This self-sufficiency and helpfulness may seem like a good thing, but from the company's point of view, it's not very cost-effective, says Scott Feuless, a senior consultant in Compass' Houston office. For starters, it may be a sign that end users have little confidence that the IT help desk can really help or that users don't know that the help desk could solve their problem. Plus, that 30 minutes of lost work productivity is hurting the company and could be reduced to an average of 10 minutes with a top-notch help desk, Feuless says.
Companies take a 3% productivity hit from users futzing with their PCs, and that could be cut to 1% with a first-class help desk, Feuless says, citing Compass' database of more than 7,000 benchmark studies.
The very first question that companies should ask themselves is why users tend to avoid the help desk whenever they can. Could it be that Dogbert's No Help at All Desk is painfully close to the truth at too many shops? Well, what do the experts that ComputerWorld asked recommend?

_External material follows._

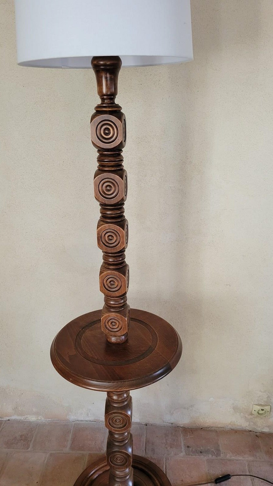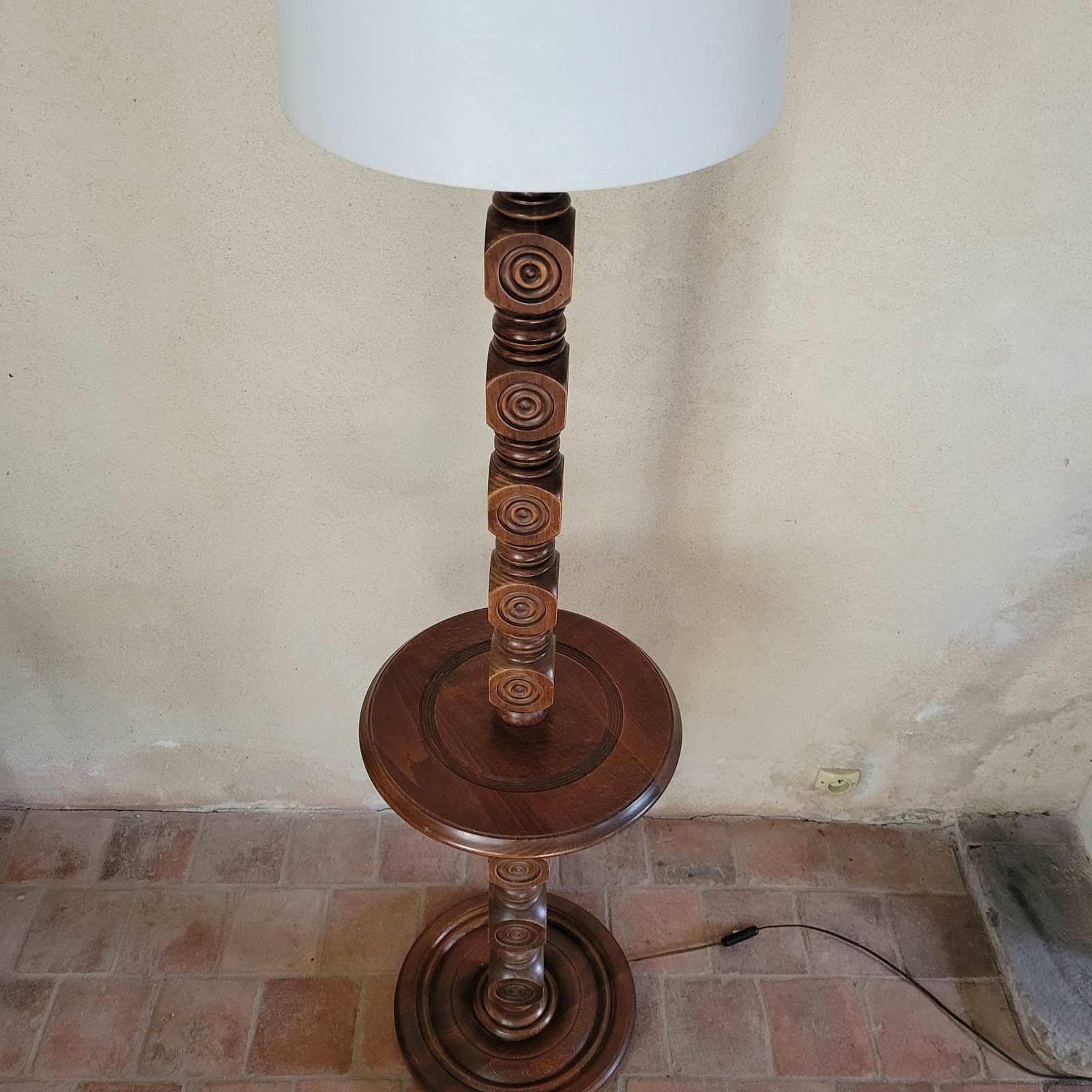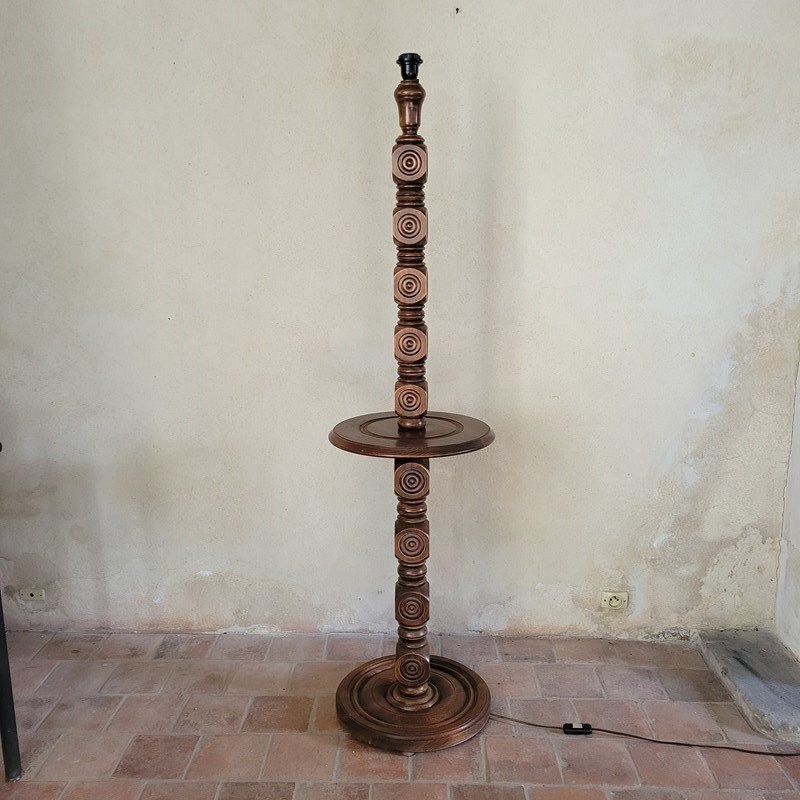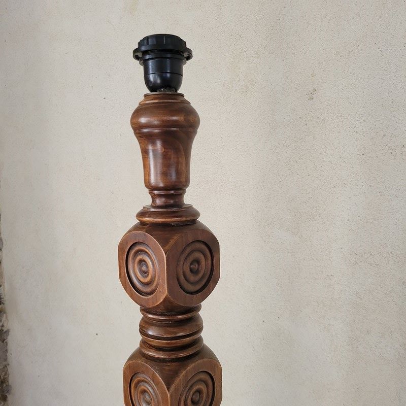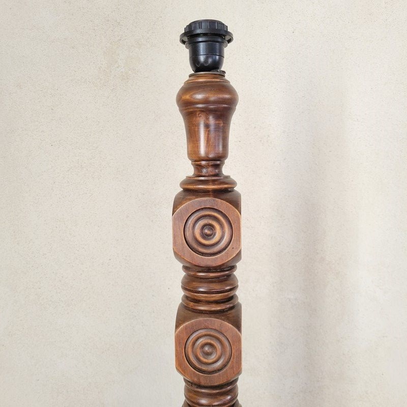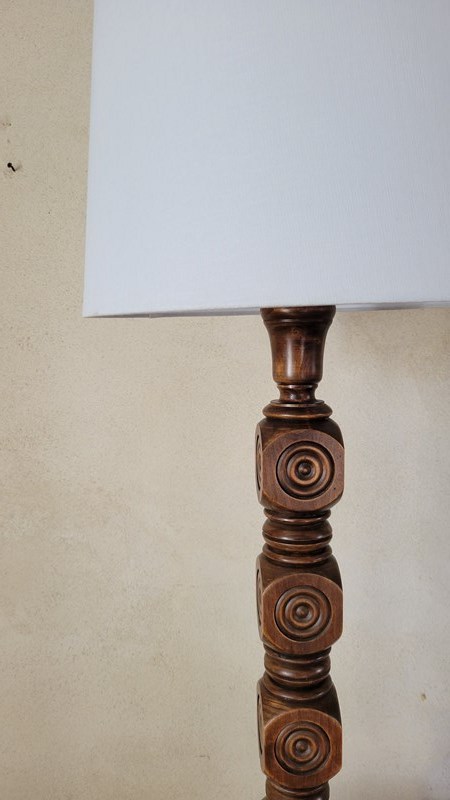 A very stylish French floor lamp dating from the 1960's. Made from oak, with wonderful carved geometric motifs making up the pedestal, and with a turned mid table and base. Sold without shade, in full working order. Height to fitting 140cm

Make the help desk a one-stop shop for PC fixes, so calling it isn't viewed as a waste of time.
Negotiate service-level agreements to monitor the performance of the help desk.
Standardize PC hardware and software so the help desk can effectively come up with standard fixes.
The first one isn't a bad idea, although I have serious doubts about the second. Why? Because the end result of that is usually a sea of paper reporting that drowns both help desk staff and end users. Yeah, that's what everyone needs when there's a problem - more paper. The last suggestion is perhaps the most inocuous but stupid one there. It sounds great - standardize the systems, and then everything will be fine. But... is everyone doing the same kind of work? Do the admin assistants need the same systems as the marketing guys? What about the software developers - do they get the same commodity desktop or laptop that the middle manager does? It's an idea that appeals greatly to IT management, but ends up dis-empowering the entire company. There need to be standards, but they need to be flexible standards.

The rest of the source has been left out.